Grant Takes Command • Lincoln must win battles to win the election of 1864 • Grant plans to use North’s superior population and industry to wear down the South
Election of 1864 • Lincoln and Andrew Johnson, Vice President • McClellan, Democrat • Capture of Atlanta helped Lincoln win reelection
Siege of Petersburg and Appomattox Court House • Grant moves around Richmond to Petersburg to cut off the supplies to Richmond. • “Battle of the Crater” is fought here first and then Grant later lays siege to the city. • Lee’s Army is almost wiped out and he has to retreat. • Grant follows Lee and after several small battles Grant surrounds Lee at Appomattox Court House, VA April 9, 1865 where Lee surrenders.
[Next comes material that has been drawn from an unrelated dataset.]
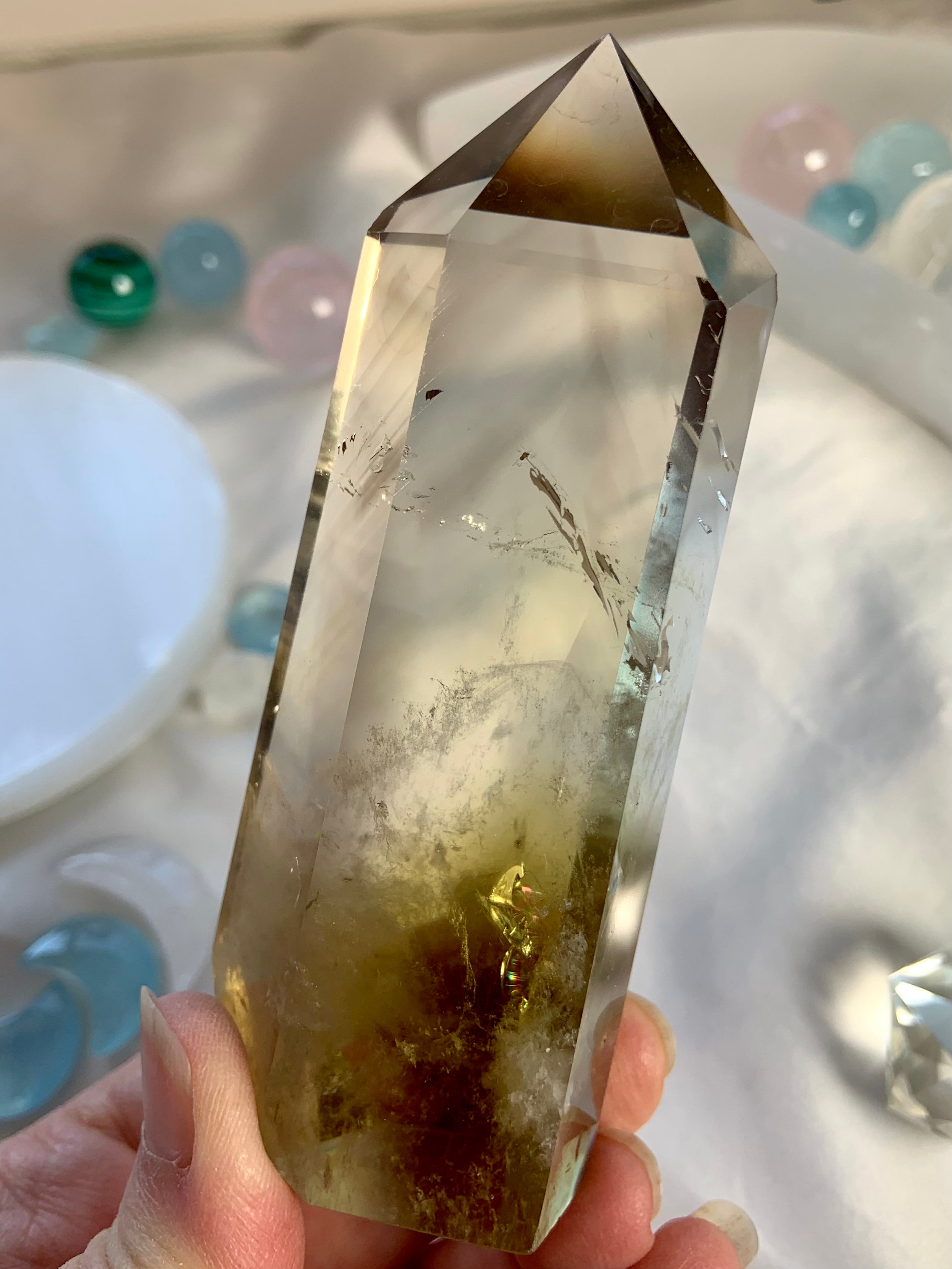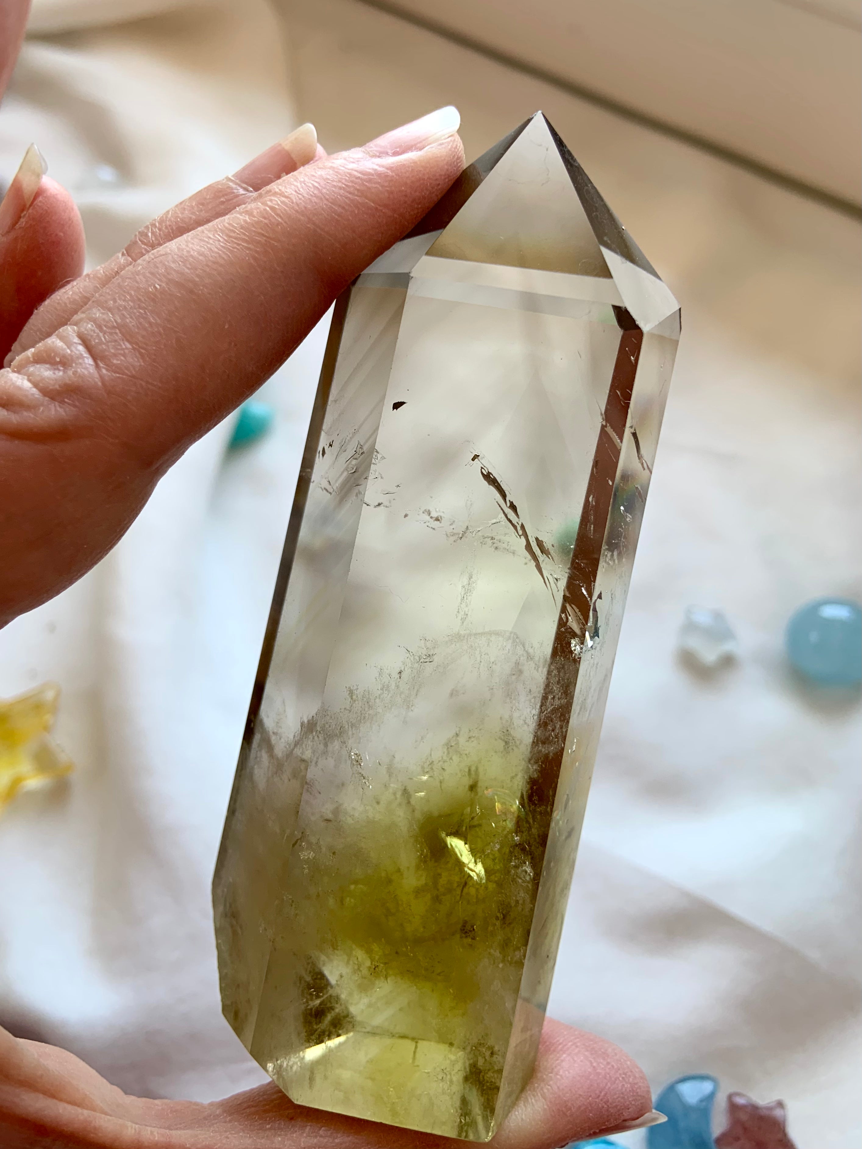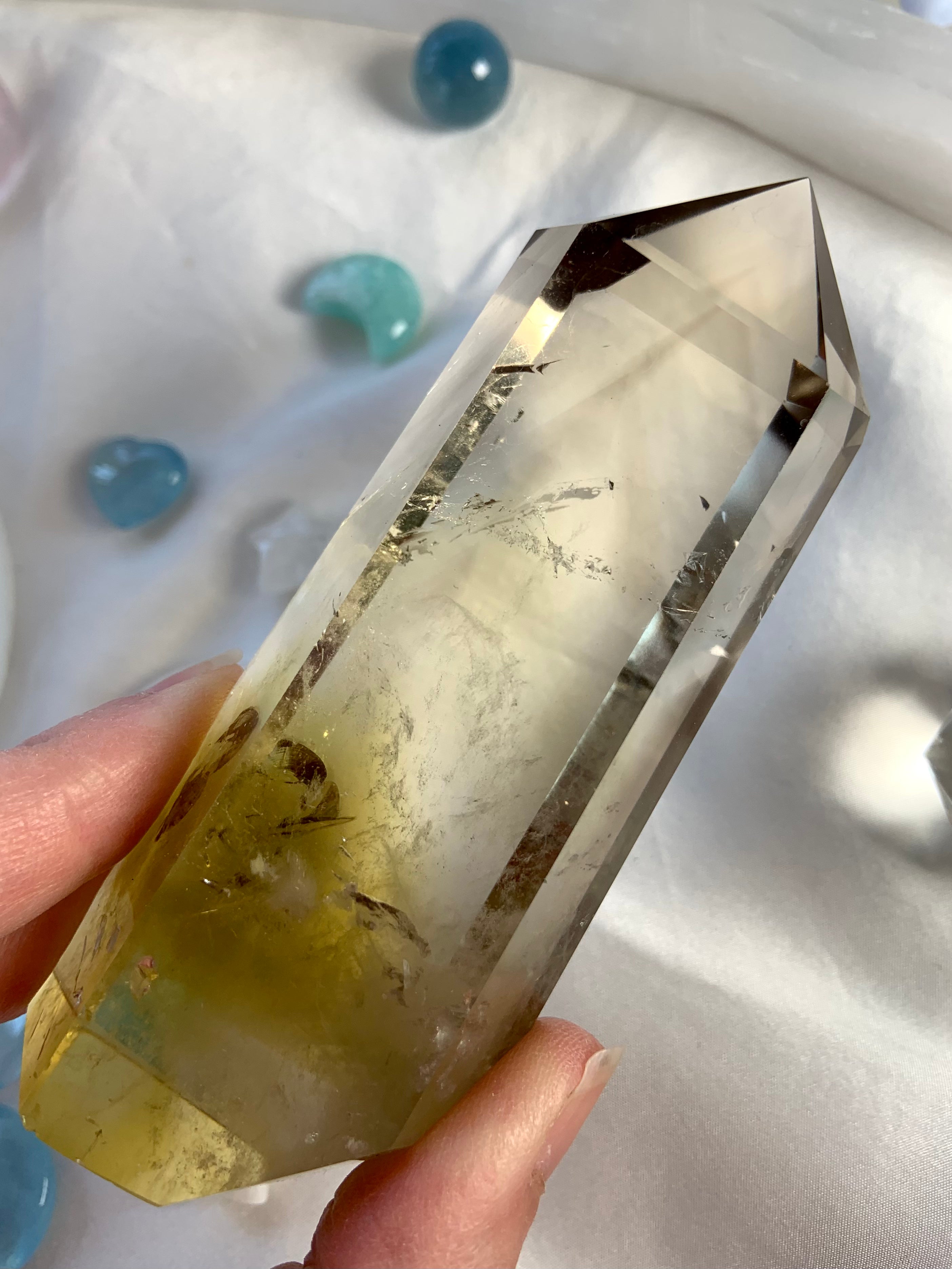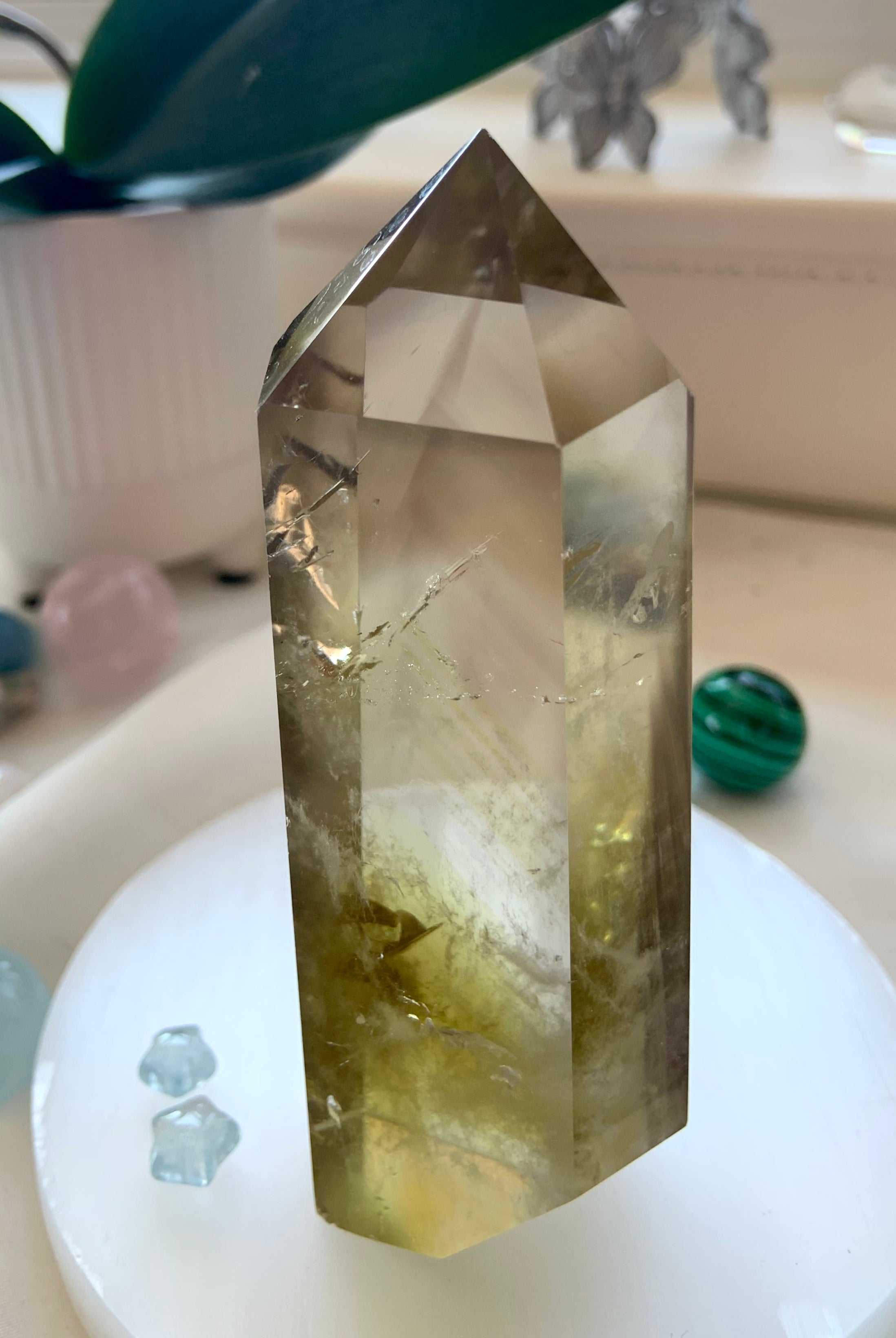 Our Citrine collection features best-selling mini crystal hearts, moons, and stars—plus bracelets, a Citrine-infused Golden Ray Aura Mist, and chakra healing crystal sets. You’ll also find a rotating selection of one-of-a-kind jewelry, raw points, spheres, towers, and sacred carvings that glow with golden warmth.

At Appomattox… • April 9, 1865 Lee met Grant and surrendered • Grant offered food and ordered celebration by Northern troops ended
A Peaceful End • CSA soldiers were to turn over their rifles, but officers could keep their pistols • CSA soldiers who had horses could keep them (needed for spring plowing) • CSA soldiers could return home without being disturbed by U.S. authorities • “The war is over. The rebels are our countrymen again.” (Grant)
600,000 Americans died, mostly from disease and wounds. The South was in horrible condition. Large portion of the population was dead, land was scourged, buildings and homes are destroyed, and then put under military control for the time being. April 14, 1865 Lincoln was assassinated. Reconstruction discussions began in Washington D.C.
Southern Politics • Branches and powers of the Confederate government were similar to those of the US, but special provisions were made for state’s rights and slavery. • The confederate government had to convince its citizens to sacrifice their personal interests for the common good. Because they had fewer resources than the North, the war effort depended on making the best possible use of what the South had.
General Lee called for a draft to ensure that enough soldiers would be in the army to fight. In April, 1862, the Confederate congress passed a law stating that all men between 18 and 35 would be required to serve for two years in the military. Services of volunteers were automatically extended for two years at the same time. After the Battle of Antietam, the upper age for the draft became 45 and later it became 50. Owners of more than 20 slaves were excused from serving as well as those who were wealthy enough to hire someone to serve in their place.
The confederate government sought recognition from the governing powers in Europe, sending representatives to both France and Great Britain in May, 1861. it did NOT receive recognition as an independent country, but did receive some unofficial help from Great Britain.
Southern Economy • When the Confederate government took over the economy, it determined the amount of production of wool, cotton, and leather and seized control of southern railroads. Farmers were required to contribute one tenth of their produce to the war effort.
The south faced a scary food shortage. Invading armies disrupted the south’s food growing regions and the draft pulled large numbers of males out of the farming regions. Massive food riots happened all over the south. • Hardships at home created widespread desertions in the Confederate Army.